Closed yaokunZ closed 1 year ago
Hi, thank you for your interest in our paper.
Can you tell me a more detailed explanation of the phenomenon you found such as the name of added parameters or code snippet you used for checking the parameters?
Thanks,
bash qd_detr/scripts/inference.sh results/video_checkpoint/model_best.ckpt 'val' As shown below, we add a encoderlayer with default initialization parameters in inference.py
Hi,
As I understand, you add the transformer encoder layers using the code snippet you provide, but the results are unchanged.
If so, you should check the layers you initialize to participate in the forward process.
If you want to attach additional transformer encoder layers, I recommend changing the Transformer class in "qd-detr/trasnformer.py" or arguments in build_model function in "qd-detr/model.py".
I hope this resolves your issue.
Thanks,
I made sure the layers you initialize to participate in the forward process. When the number of enc layer is about 2 , the results are remains basically unchanged. When the number of enc layer is increasing, the results will be significantly reduced.
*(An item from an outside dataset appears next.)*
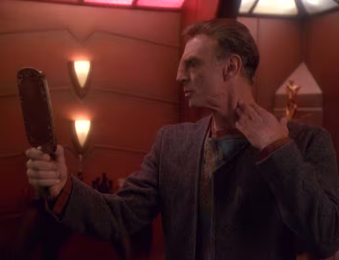 Vaughn Armstrong - rekordzista, który zagrał już wiele ról w różnych serialach (dwukrotnie grał Kardasjan, trzykrotnie Klingonów, raz Vidiianina, raz eks-Borga, raz Hirogena i raz Romulanina, pojawia się też jako Ziemianin - admirał Forrest - w Enterprise oraz w Mirrorze jako kapitan Forrest).
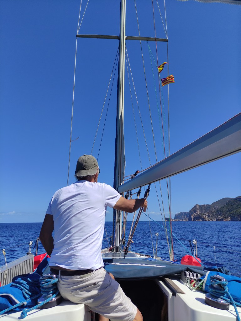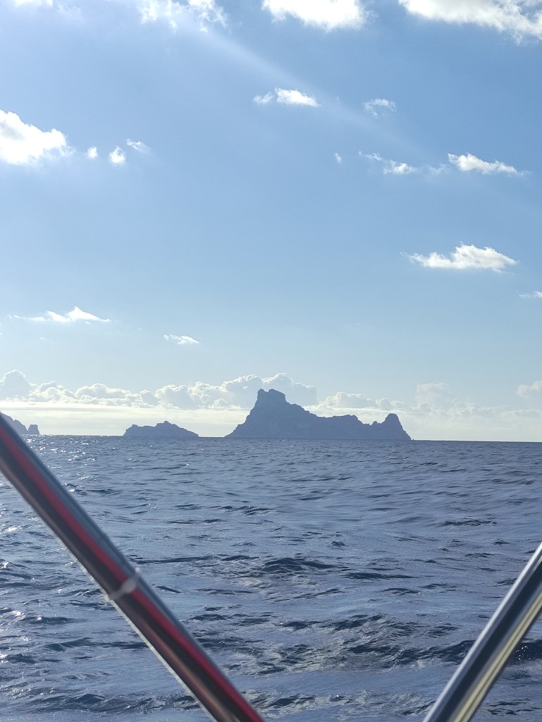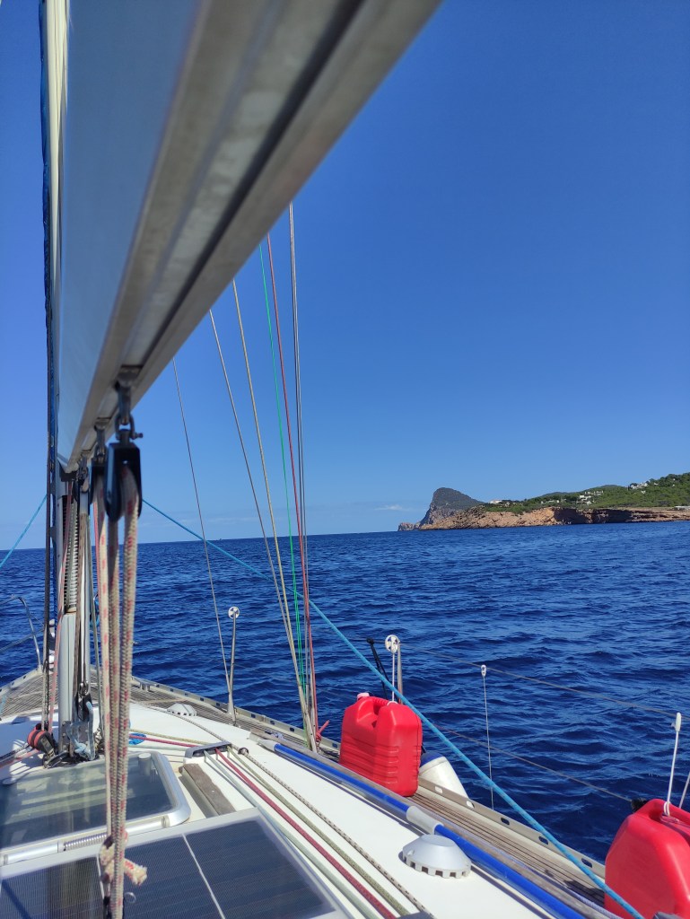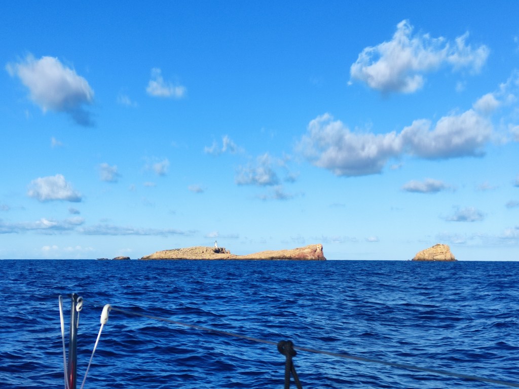 As we rounded Isla conejera, the island that protects the bay we were constantly on alert assessing the conditions – and we were pleasantly surprised that they were good 😊. We had the mainsail out and made good progress motor sailing along through the smaller islands that surround Ibiza

Okay, up to what I understand,
You have tried to add untrained layers during inference to check whether the performance is degraded or not right?
And you have found that when the number of randomly initialized layers is 2, there is no performance decrease but results are significantly reduced when the number of random layers is increased.
Is that right?
Yes! Your understanding is absolutely correct.
Sorry for my confusion,
I checked your scenario, and I also found that only 1 or 2 additional transformer layers do not hurt the performance or there is a only subtle degradation in the performance.
One possible hypothesis is that the transformer layer does not transform the feature space much as they have a residual connection between the input and output of the layer. This phenomenon is not what we intend, and personally, this is interesting and I'm curious whether similar phenomena also occur in other transformer-based frameworks.
Thanks,
hi, authors! I found a very unreasonable phenomenon. In the test phase, several layers of encoder layers with default initialization parameters are added after the encoder of the model, and the salience accuracy(like HL-min-VeryGood-mAP, Hit1) remains basically unchanged. The model used is provided by the author on github.